Instructions to follow: Without copying any picture, transcribe exactly the lines of the data below from the one containing "Louis Bron (1884-1959), kustgezicht" through the one containing "These traditional hoops".

[Records provided Boundary: Start]

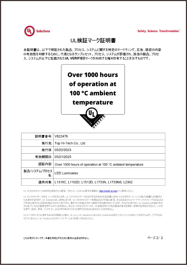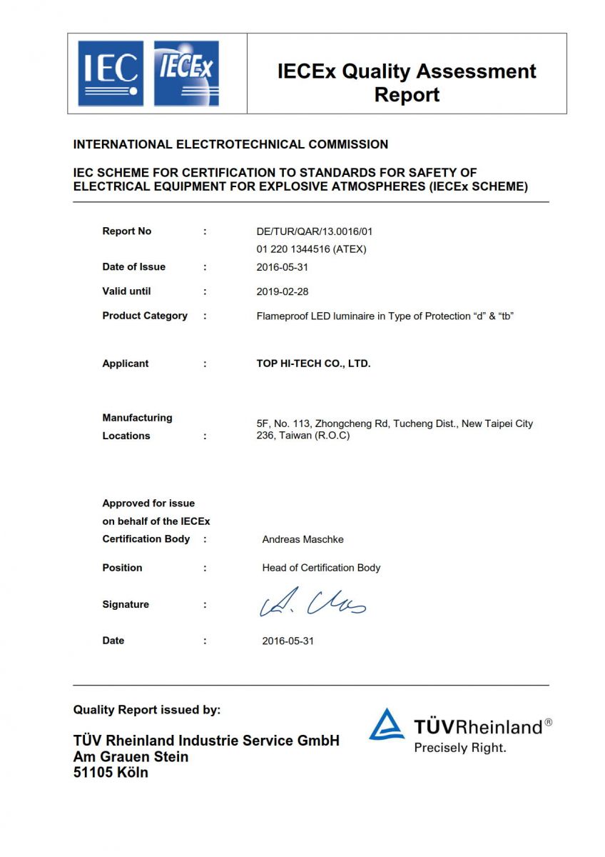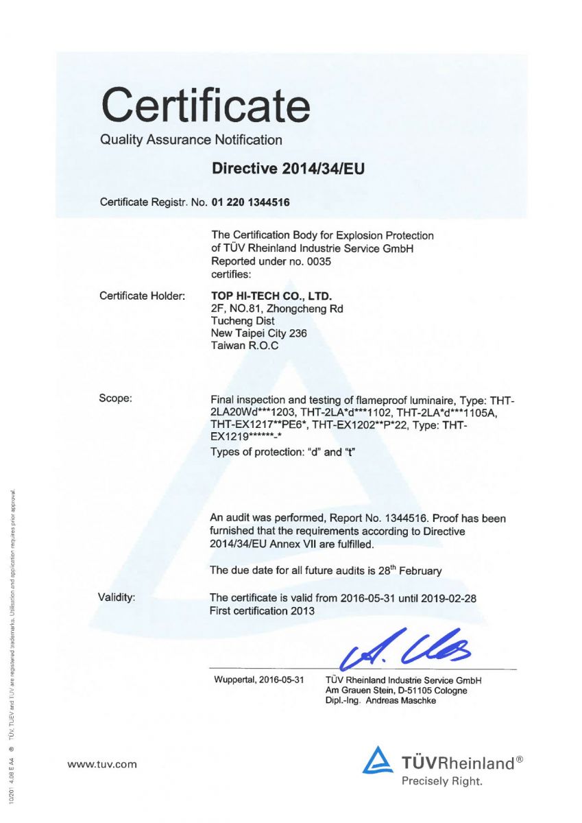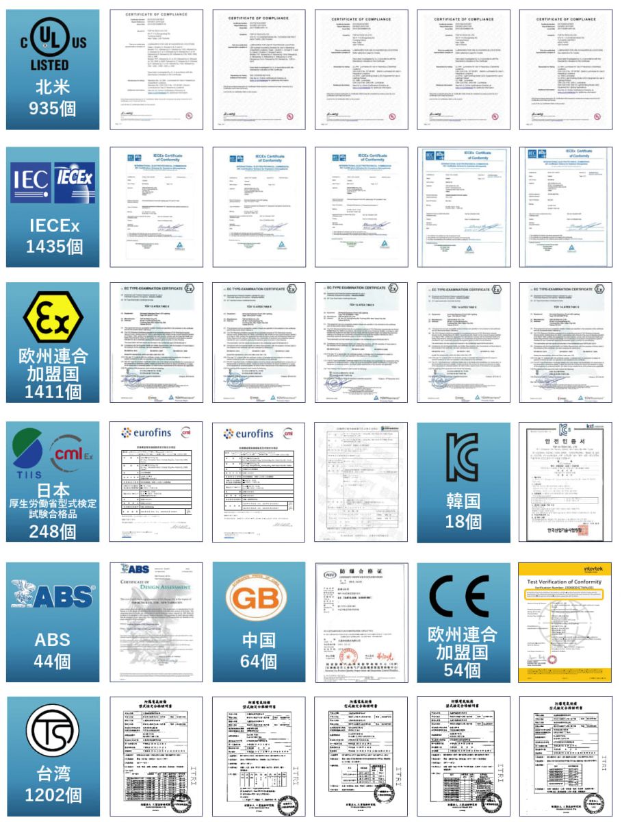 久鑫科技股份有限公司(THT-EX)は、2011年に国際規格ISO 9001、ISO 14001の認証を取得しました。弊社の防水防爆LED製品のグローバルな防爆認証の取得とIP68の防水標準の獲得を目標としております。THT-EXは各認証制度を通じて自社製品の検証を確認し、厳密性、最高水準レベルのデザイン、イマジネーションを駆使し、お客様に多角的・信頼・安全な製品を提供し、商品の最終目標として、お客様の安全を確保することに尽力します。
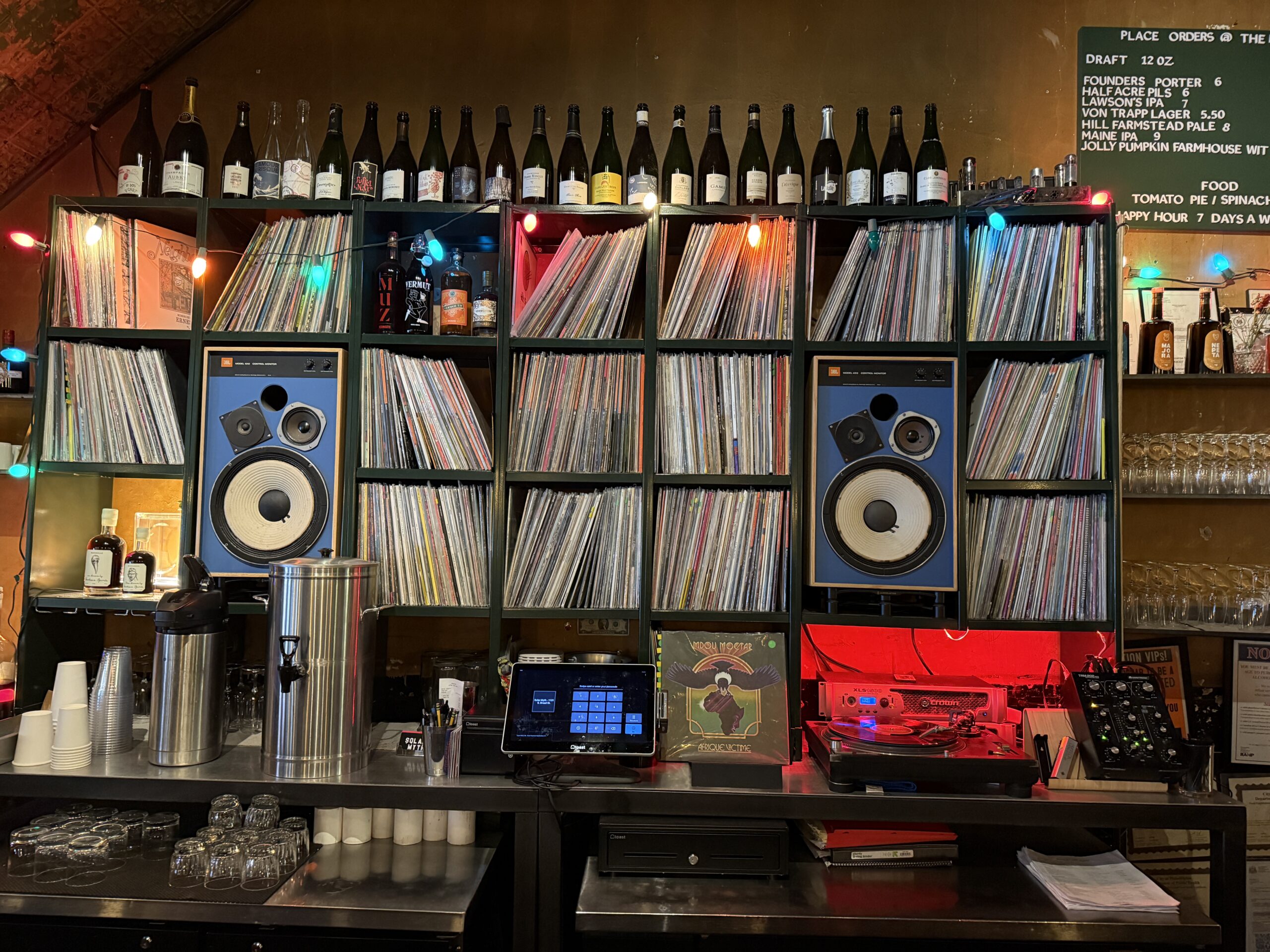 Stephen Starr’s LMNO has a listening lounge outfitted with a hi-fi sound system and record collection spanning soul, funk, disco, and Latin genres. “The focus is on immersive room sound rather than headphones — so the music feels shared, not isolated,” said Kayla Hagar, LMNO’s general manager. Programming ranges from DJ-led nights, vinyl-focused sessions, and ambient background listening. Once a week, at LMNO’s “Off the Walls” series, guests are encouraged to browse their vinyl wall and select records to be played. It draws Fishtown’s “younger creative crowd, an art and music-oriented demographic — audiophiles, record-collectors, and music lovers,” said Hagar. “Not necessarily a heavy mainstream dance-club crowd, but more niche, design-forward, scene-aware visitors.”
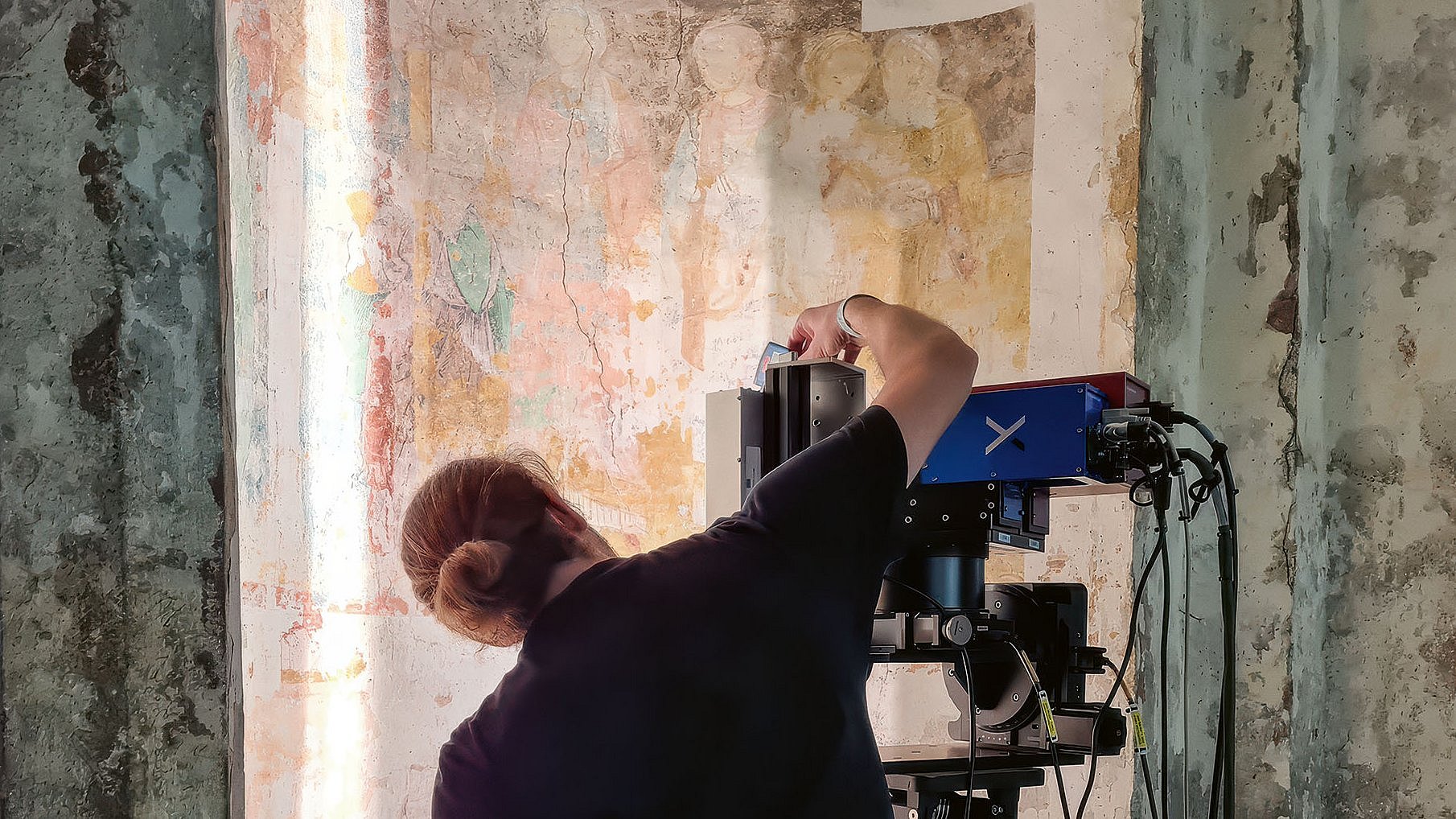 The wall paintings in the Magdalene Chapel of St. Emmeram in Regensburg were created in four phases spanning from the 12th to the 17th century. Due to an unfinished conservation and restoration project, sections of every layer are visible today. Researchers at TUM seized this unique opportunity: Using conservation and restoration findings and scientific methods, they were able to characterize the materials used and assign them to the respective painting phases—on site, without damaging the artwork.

[Records provided Boundary: End]
[Records provided Boundary: Start]

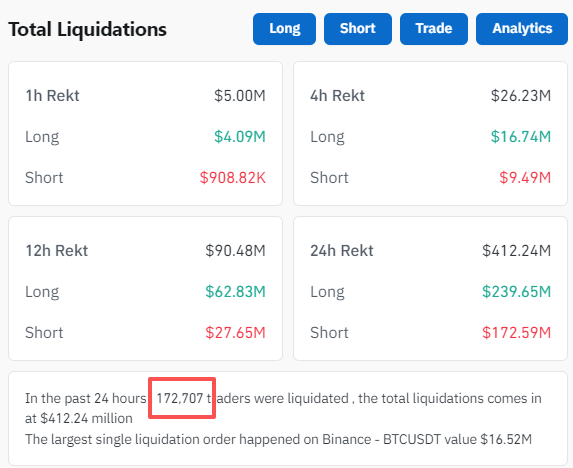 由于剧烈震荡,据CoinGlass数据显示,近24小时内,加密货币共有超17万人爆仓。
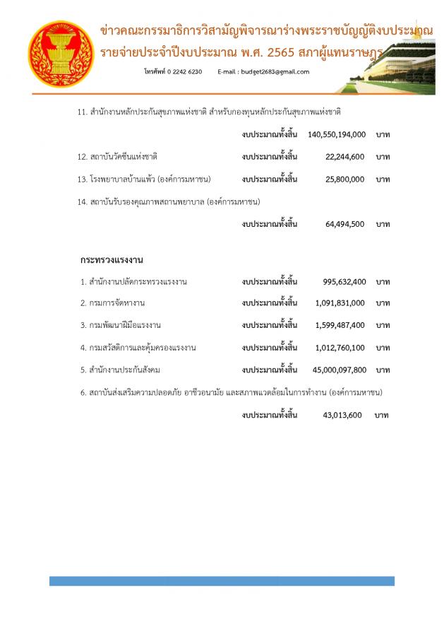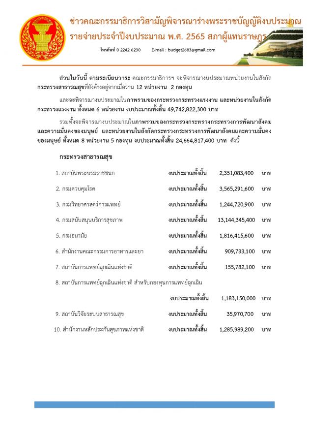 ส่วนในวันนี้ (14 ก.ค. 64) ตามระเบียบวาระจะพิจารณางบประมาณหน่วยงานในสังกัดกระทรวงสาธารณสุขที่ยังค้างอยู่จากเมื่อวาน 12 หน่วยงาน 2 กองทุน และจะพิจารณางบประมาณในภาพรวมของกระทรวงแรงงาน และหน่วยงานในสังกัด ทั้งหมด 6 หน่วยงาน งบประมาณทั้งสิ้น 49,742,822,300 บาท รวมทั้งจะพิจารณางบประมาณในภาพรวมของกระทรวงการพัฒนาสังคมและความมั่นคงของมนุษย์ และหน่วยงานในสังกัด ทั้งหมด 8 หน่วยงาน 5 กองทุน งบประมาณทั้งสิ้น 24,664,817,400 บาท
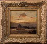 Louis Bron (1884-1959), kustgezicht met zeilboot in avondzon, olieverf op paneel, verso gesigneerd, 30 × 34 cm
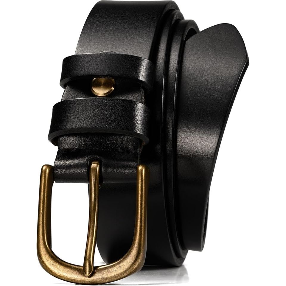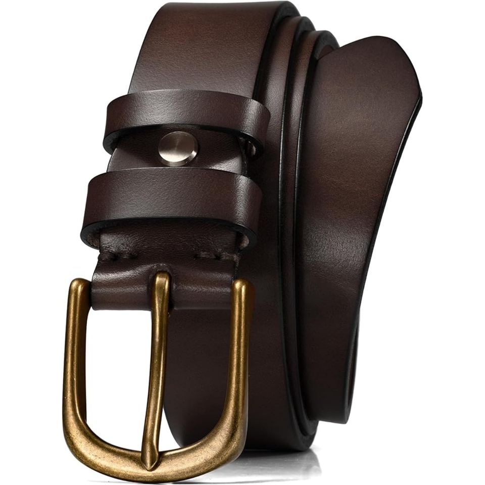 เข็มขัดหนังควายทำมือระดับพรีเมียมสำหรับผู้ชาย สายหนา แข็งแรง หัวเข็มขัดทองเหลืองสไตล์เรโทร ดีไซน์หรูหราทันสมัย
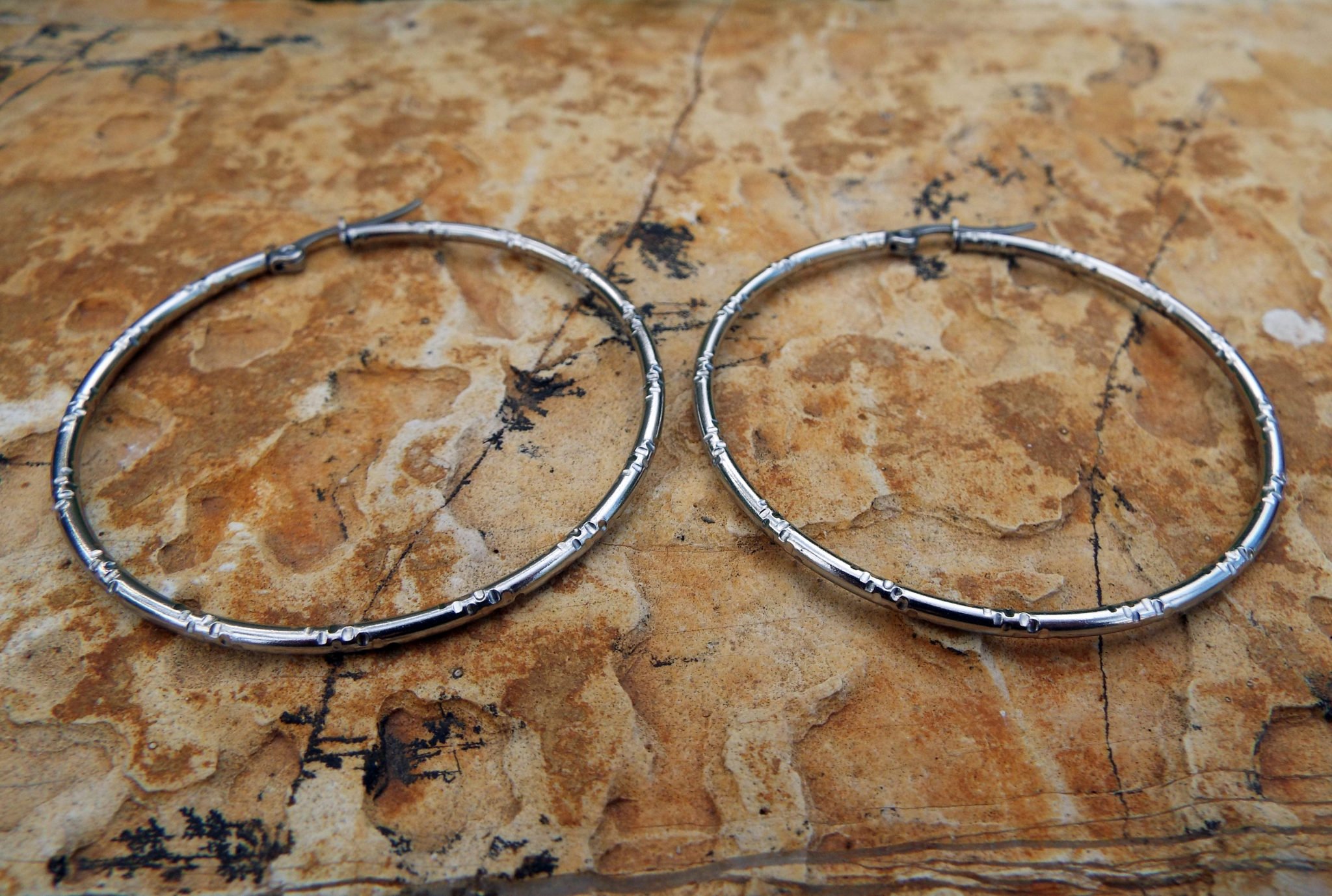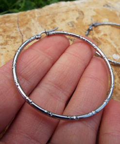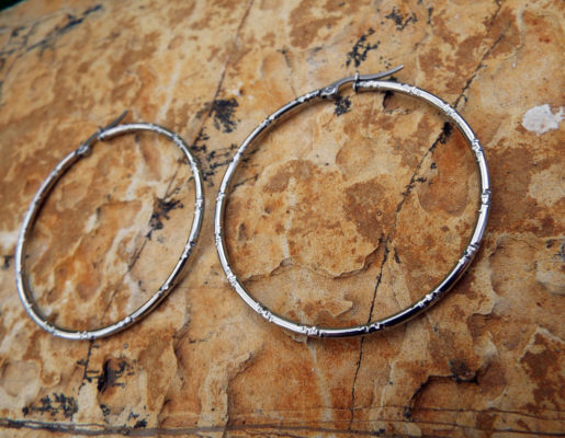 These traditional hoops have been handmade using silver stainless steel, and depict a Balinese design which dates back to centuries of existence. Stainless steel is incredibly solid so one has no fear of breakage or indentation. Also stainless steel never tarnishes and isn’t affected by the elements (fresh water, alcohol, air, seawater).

[Records provided Boundary: End]

Your solution:
 Louis Bron (1884-1959), kustgezicht met zeilboot in avondzon, olieverf op paneel, verso gesigneerd, 30 × 34 cm
 เข็มขัดหนังควายทำมือระดับพรีเมียมสำหรับผู้ชาย สายหนา แข็งแรง หัวเข็มขัดทองเหลืองสไตล์เรโทร ดีไซน์หรูหราทันสมัย
 These traditional hoops have been handmade using silver stainless steel, and depict a Balinese design which dates back to centuries of existence. Stainless steel is incredibly solid so one has no fear of breakage or indentation. Also stainless steel never tarnishes and isn’t affected by the elements (fresh water, alcohol, air, seawater).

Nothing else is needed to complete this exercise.